The turnaround came even as the Kolkata-based company continued to hold discussions on sale of its steel business with potential buyers such as Tata Steel, JSW Steel, Liberty House and Kalyani Steels to pare its Rs 3,700-crore debt.
Standalone revenue increased to Rs 1,219.86 crore in the quarter to June, up 30.3% from Rs 936 crore a year ago, while total EBITDA shot up 120.8% and 94.1% year-on-year on standalone and consolidated basis respectively.
“Our performance in wire ropes and in steel during the quarter was better than last year mainly due to better realisation and strong market demand.
Barring oil and gas sector, the domestic market is also seeing good traction for wire ropes, particularly from mining and infrastructure,” Usha Martin CFO Rohit Nanda said.
He said that although the company saw cost pressure building up during the quarter, as input prices went up, it was able to pass on the price hike due to buoyant demand.
While the company’s wire ropes business improved significantly during 2017-18 from the previous year, a revival in its steel business has helped boost margins in recent quarters.
Sale of wire ropes went up 13% during the quarter to 15,162 tonnes, from 13,376 tonnes a year ago.
Exports totalled 7,345 tonnes, up from 5,513 tonnes in the year-ago period, with a 48.4% share of output.
However, domestic wire rope sales were marginally lower at 7,817 tonnes, from 7,863 tonnes.
Both wire ropes and speciality steels, barring large diameter ropes used in oil sector, have been seeing capacity utilisation levels of 80-90%, according to the company, and the trend is expected to continue.
The company makes speciality wires and wire ropes used in elevators, mining, and oil and gas sectors, and has a one million tonne steel plant that makes speciality steels.
However, the company’s performance in the ongoing July-September quarter is likely to be muted mainly on account of the monsoon, which traditionally affects steel demand.
Therefore, it is planning a regular maintenance shutdown of its blast furnace during this period.
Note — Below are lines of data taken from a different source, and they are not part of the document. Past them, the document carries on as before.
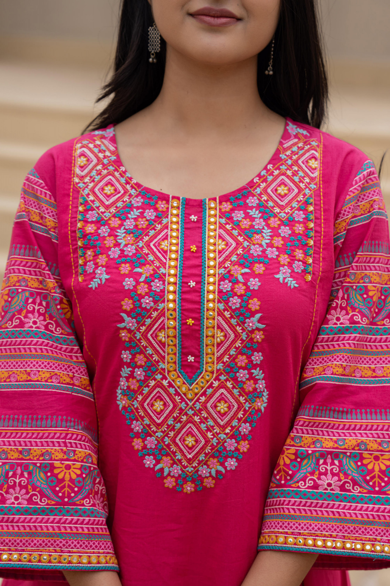 Fuchsia floral printed cotton kurta set features exquisite thread and mirror work. The straight kurta with a round neckline and three-quarter regular sleeves is paired with printed slip-on pants and a matching printed dupatta for a stylish, coordinated look.
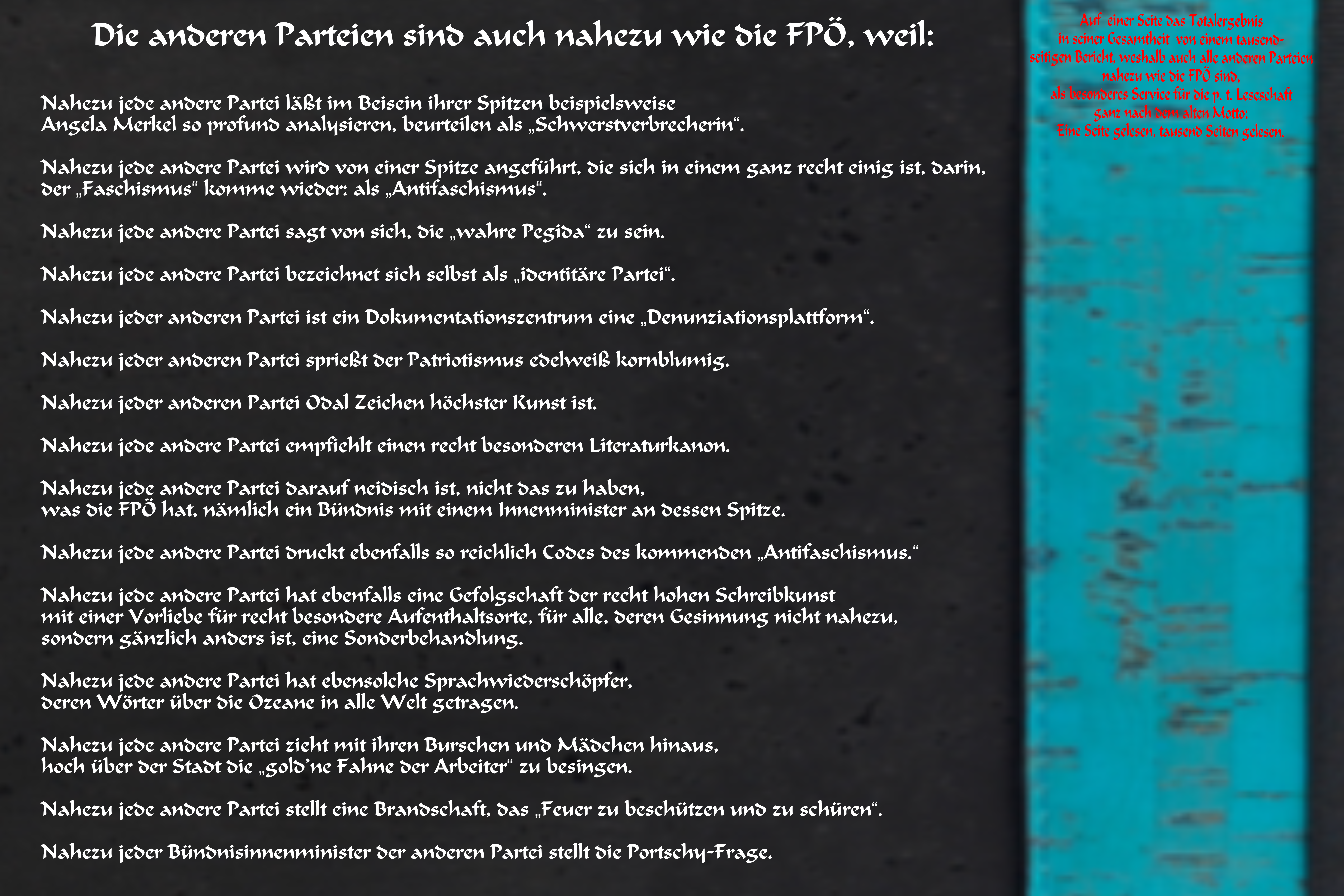 Jede normale Partei hat ebenfalls eine Gefolgschaft der recht hohen Schreibkunst mit einer Vorliebe für recht besondere Aufenthaltsorte, für alle, deren Gesinnung nicht nur normal, sondern gänzlich normal ist, eine Sonderbehandlung.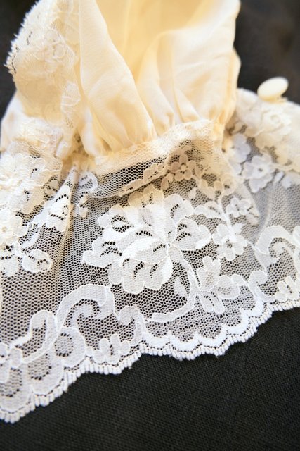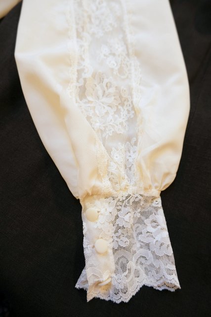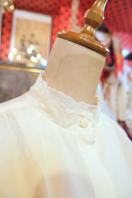 アンティーク感漂うきなり色ベースに上品な印象のレース付きスタンドカラーや繊細なレースカフス×袖の透け感が魅力的な1970年代頃のヨーロピアンヴィンテージブラウス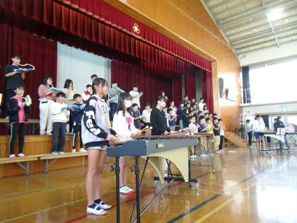 今日の学習発表会の練習は、合唱2曲と合奏1曲を体育館で演奏し、録画したものを教室で見ました。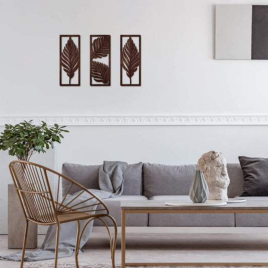 3 Pcs Boho Wooden Art Wall Decor Leaf Sign Wall Accent Rustic Palm Leaf Wood Art Wall Hanging Sculpture Vintage Tropical Plant Wood Wall Plaque for Home Bathroom Living Room Office Decoration (Brown)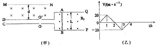 5、如图(甲)所示,两水平放置的平行金属板C、D相距很近, 上面分别开有小孔O和O′,水平放置的平行金属导轨P、Q与金属板C、D接触良好,且导轨在磁感强度为B1=10T的匀强磁场中,导轨间距L=0.50m,金属棒AB紧贴着导轨沿平行导轨方向在磁场中做往复运动,其速度图像如图(乙),若规定向右运动速度方向为正方向,从t=0时刻开始,由C板小孔O外连续不断以垂直于C板方向飘入质量为m=3.2×10-21kg,电量q=1.6×10-19C的带正电的粒子(设飘入速度很小,可视为零),在D板外侧有以MN为边界的匀强磁场B2=10T,MN与D相距d=10cm,B1与B2方向如图所示(粒子重力及其相互作用不计),求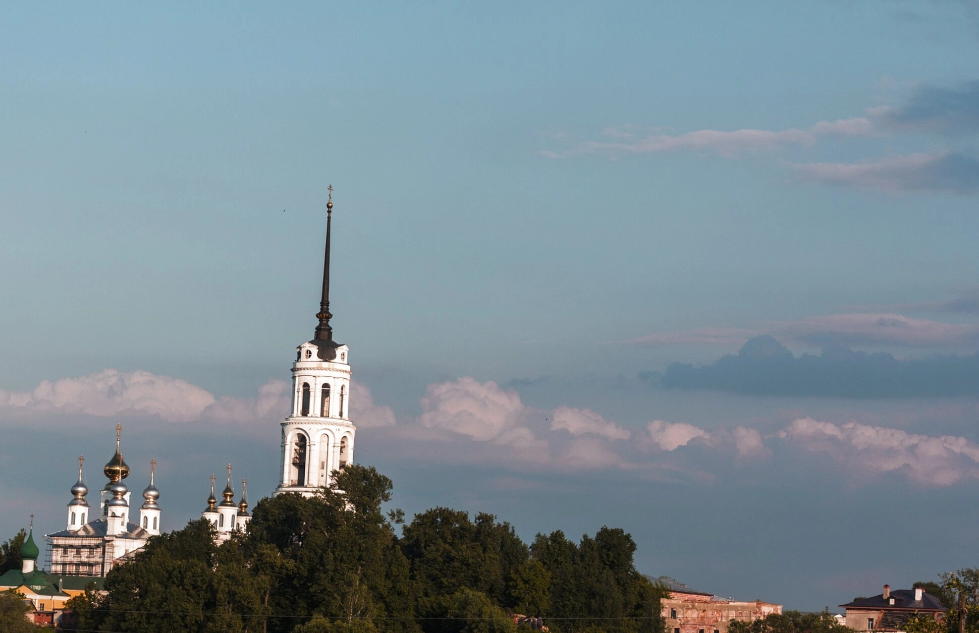 На представленной фотографии запечатлена величественная колокольня Собора Воскресения Христова в городе Шуе Ивановской области. Это монументальное сооружение, вознёсшееся на высоту более ста шести метров, является архитектурной доминантой города и одним из символов православного зодчества России первой половины XIX века.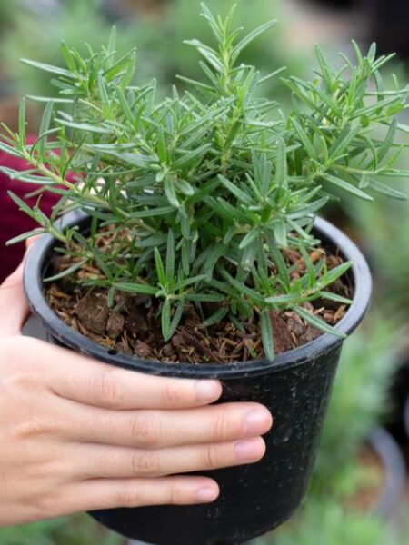 بات ذيل الثعلب الطبيعي مزروع في اصيص بلاستيك اسود ارتفاع النبات حوالى 15 سم ، دائم الخضرة معمر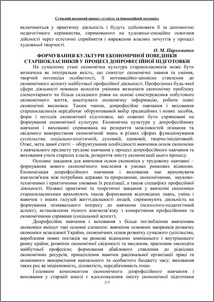У статті висвітлюються аспекти формування культури економічної поведінки старшокласників у процесі допрофесійної підготовки.

The company hopes its performance will pick up in the third and fourth quarters of this fiscal and help maintain a steady growth momentum.
Nanda said there is “good interest” in the steel business from potential buyers who are conducting “due diligence” and the process is on regarding potential sale of the business.
However, he declined to comment on a time frame within which the company hopes to conclude the deliberations.